Restore Balance
Restore Balance

Restore Balance – Time Spiral Remastered

Date Reviewed:  March 9, 2021

Constructed: 4.00
Casual: 2.00
Limited: 2.00
Multiplayer: 3.25
Commander [EDH]: 3.00

Ratings are based on a 1 to 5 scale. 1 is bad. 3 is average. 5 is great.

Reviews Below: 


None of Time Spiral‘s no-mana-cost suspend spells are exactly fair to cheat out, but Restore Balance is a little less universally-devastating than Living End, and a little less effective at card-flowing than Wheel of Fate and Ancestral Visions. Like those later two, it takes longer for you to actually win the game than the black member of the cycle. But when it hits, it hits hard. Symmetrical effects in Magic invariably end up being anything but symmetrical, and variants on Balance are particularly guilty of this because their targets are so specific and invite deckbuilding that leaves your side full of permanents after they resolve. If anything, it’s even better now that there are so many planeswalkers to choose from: if you had any in play before Restore Balance went off, your opponent is basically never going to be able to get rid of them.

Constructed: 4/5
Casual: 2/5 (there’s lots of ways to use it in the wide-open formats . . . but I wouldn’t necessarily recommend doing so for casual tables)
Limited: 2/5
Multiplayer: 3/5
Commander: 3/5

 James H. 



Occupying space similar to yesterday’s card, Restore Balance is a redone version of Balance from the first Magic sets. And it’s anything but balanced. The spell is supposed to equalize permanents and resources so everyone has the same amount…only this only hits lands and creatures, leaving artifacts and enchantments (and planeswalkers) completely alone, which meant that Balance would allow you to unload a slew of artifacts to fuel it, before dropping this and completely nullifying your opponent’s prospective advance.

Restore Balance tries to make this fairer by adding a six-turn timer for the effect going off. Six turns is a long wait in today’s game, when the ideal “turn to kill” happens long before that. The other wrinkle is that, unlike Living End, building around Restore Balance is a bit harder, requiring an actual board state and not just loading up your graveyard.
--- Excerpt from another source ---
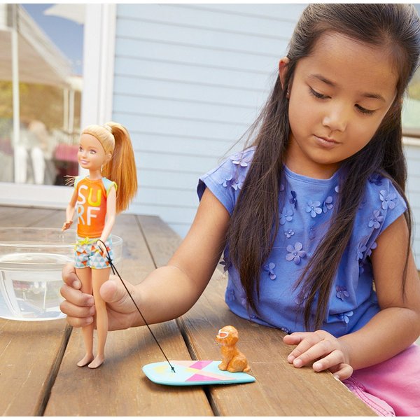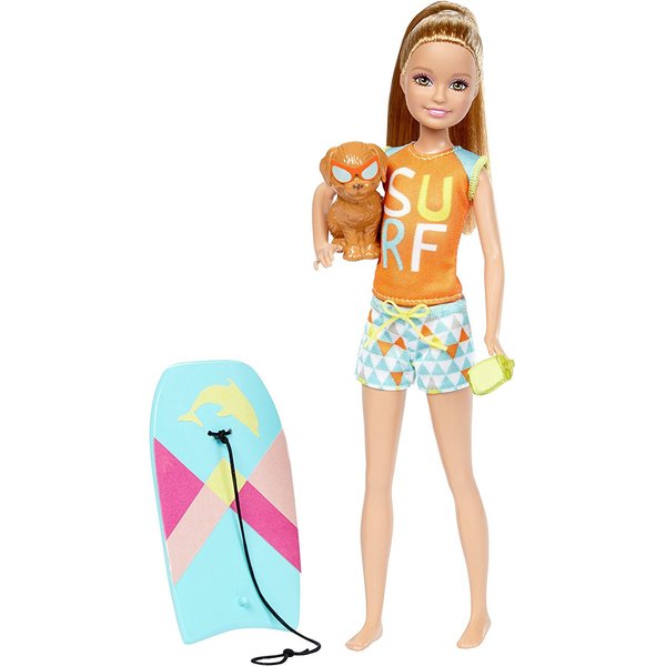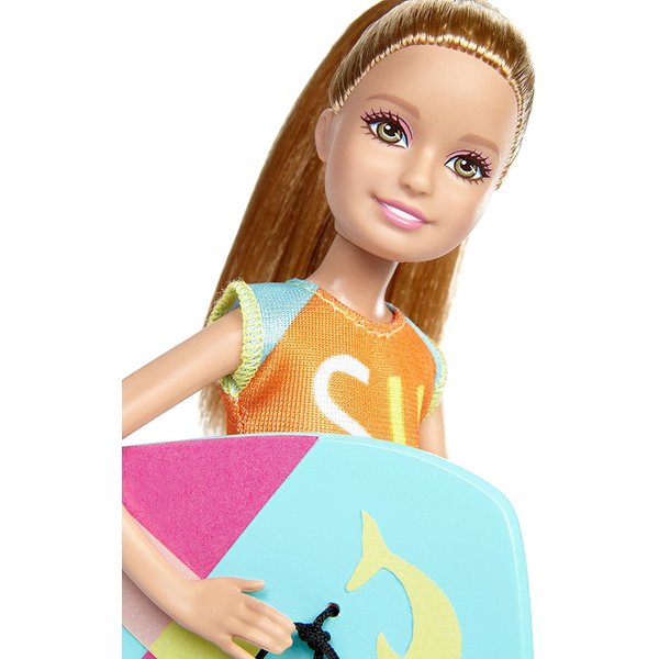Siostra Barbie, Stacie, prosto z filmu Barbie Delfiny z Magicznej Wyspy. Ubrana w krótkie szorty oraz top idealny na lato. Ma ze sobą deskę do bodyboardingu z uroczym wzorem delfinka - ale frajda! Podczas zabawy w wodzie Stacie będzie towarzyszyć mały piesek.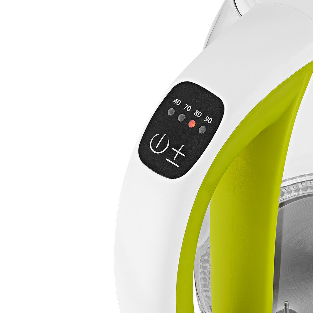 Стильный чайник Kitfort КТ-6140 выполнен из сочетания стекла, пластика и нержавеющей стали. За счёт оригинального дизайна он идеально впишется в любой интерьер. Ёмкость чайника составляет 1,7 л. Такого объёма хватит, чтобы угостить вкусным чаем всю семью! С нашей техникой очень легко подружиться, потому что она не только лёгкая и функциональная, но и будто живая с весёлыми глазами. Никого не оставит равнодушным! В любой момент вы можете отклеить этот стикер без вреда для поверхности. Чайник оснащён электронным терморегулятором и может нагреть воду от 40 до 100 °С, что очень удобно при заваривании различных сортов чая, приготовлении кофе и подогрева детского питания. Температура контролируется встроенным в дно чайника термодатчиком. Корпус чайника выполнен из экологически чистого термостойкого стекла. Он имеет большое горлышко, что облегчает доступ внутрь при мытье, а также съёмный фильтр-сетку для защиты от накипи. При включении чайника по периметру дна загорается подсветка, которая является индикатором работы и одновременно художественно подсвечивает воду разными цветами в зависимости от температурного режима.

The same “cheats” to mana cost exist: As Foretold, cascade spells, Electrodominance, and the like will all work to let this pop earlier than it has any right to.

Greater Gargadon
Greater Gargadon

That said, this does have pieces it pairs well with. Suspend is the obvious one; suspending cards means you can cast them into an empty board later, and suspended creatures do have haste. The most famous friend for Restore Balance is Greater Gargadon, since you can respond to Restore Balance going onto the stack by emptying out your board, greeting their defenseless face with an angry 9/7.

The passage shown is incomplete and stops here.